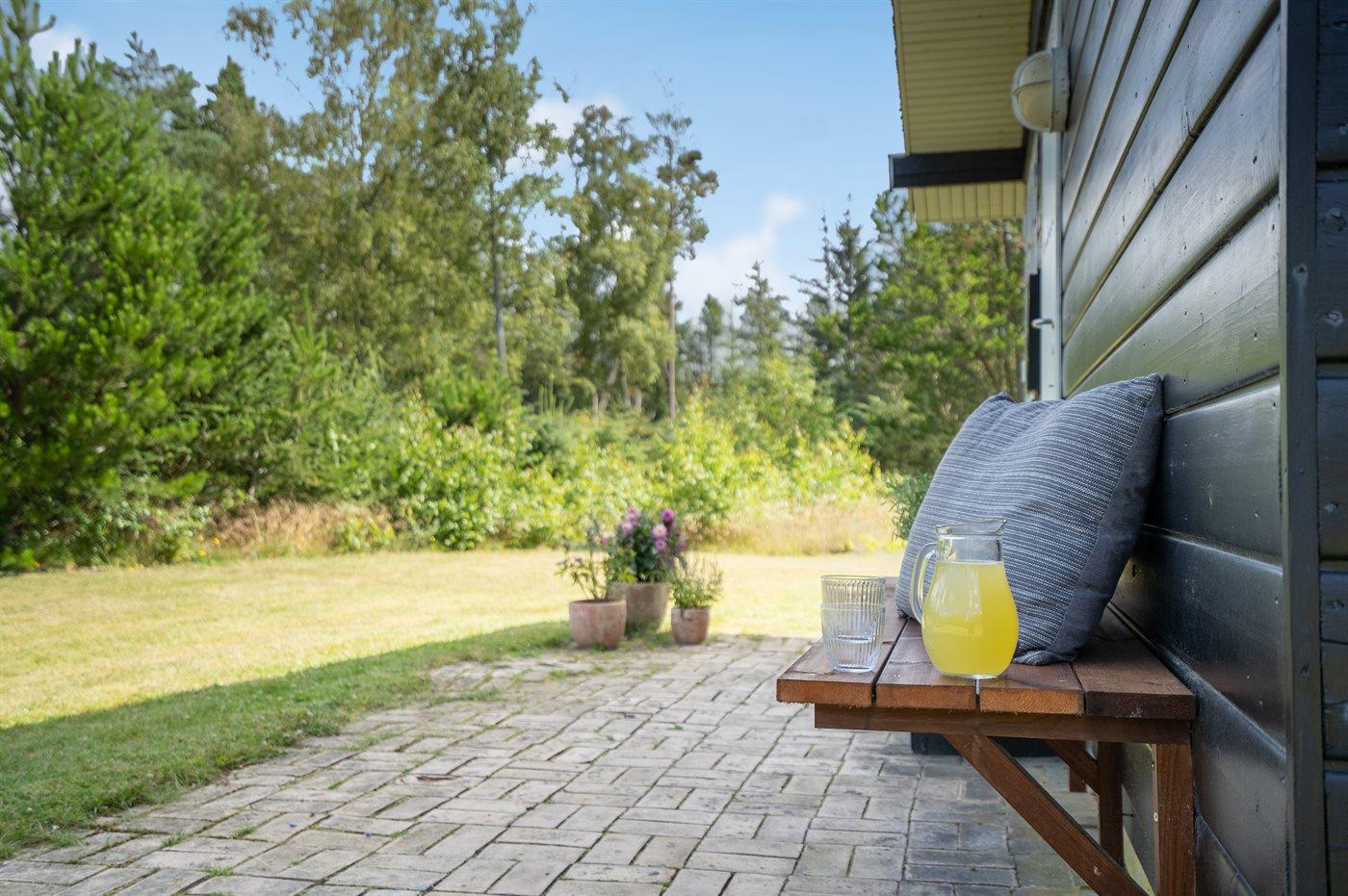 Ferieboligen er beliggende på en 2280 m² stor naturgrund. Der er 1500 m til havet. Nærmeste forretning er beliggende i en afstand af 1500 m. Til ferieboligen hører 10 m² terrasseareal. Desuden er der 10 m² overdækket terrasse. Parkering ved ferieboligen.
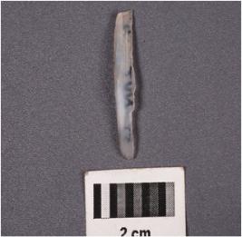 | Description / विवरण | A parallel sided microlithic blade of chalcedony with a prominent ridge on the dorsal surface and use-ware marks on cutting edges, broken at distal end. Trapezoidal in section. |
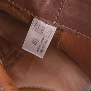Tan brown leather uppers with black patent leather detailing at sides and back.
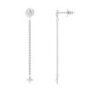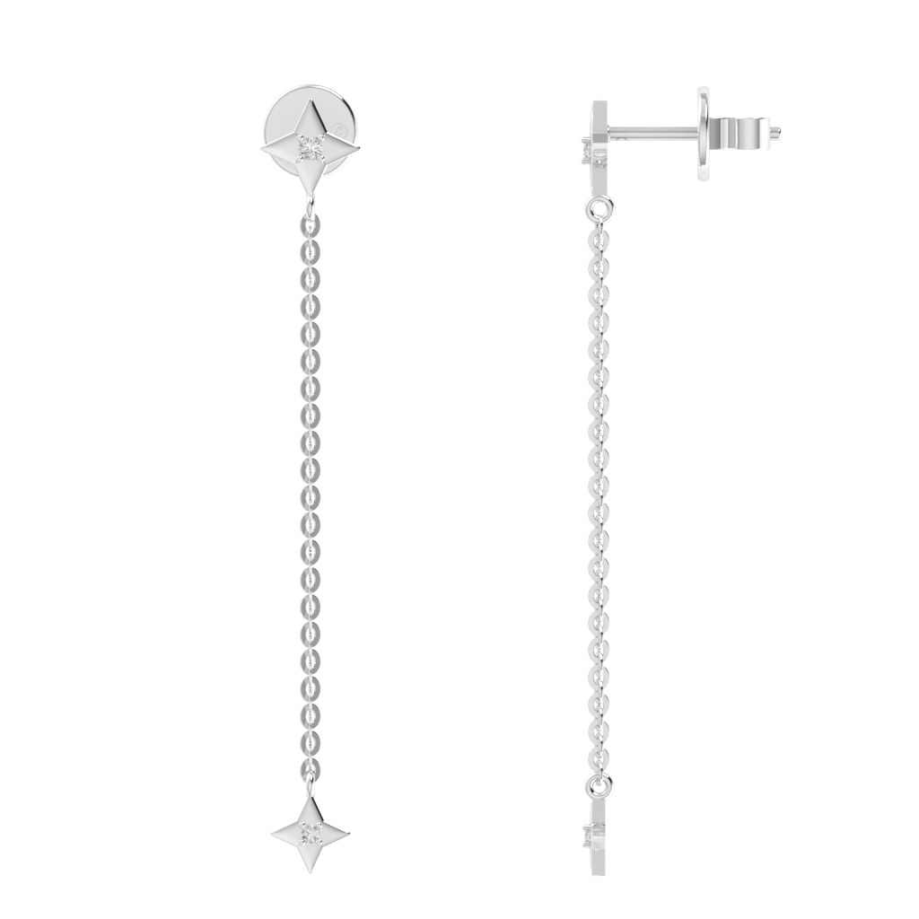 Đôi bông tai kim cương dáng thả ngôi sao mang vẻ đẹp thanh thoát và cuốn hút. Phần đầu bông tai được điểm xuyết viên kim cương nhỏ tinh tế, nối liền với sợi dây mảnh rủ nhẹ tạo hiệu ứng chuyển động mềm mại. Điểm nhấn ngôi sao ở cuối dây giúp tổng thể thêm lấp lánh và nổi bật. Thiết kế thanh lịch, hiện đại, lý tưởng để nàng tỏa sáng trong những khoảnh khắc đặc biệt

■ ■ ■ ■ ■ ■ ■

» Brief: Nothing should appear in the answer except the lines from the first line of the data through the line holding "in section. |", exactly as written, with pictures left out.

» Expected answer:
 Ferieboligen er beliggende på en 2280 m² stor naturgrund. Der er 1500 m til havet. Nærmeste forretning er beliggende i en afstand af 1500 m. Til ferieboligen hører 10 m² terrasseareal. Desuden er der 10 m² overdækket terrasse. Parkering ved ferieboligen.
 | Description / विवरण | A parallel sided microlithic blade of chalcedony with a prominent ridge on the dorsal surface and use-ware marks on cutting edges, broken at distal end. Trapezoidal in section. |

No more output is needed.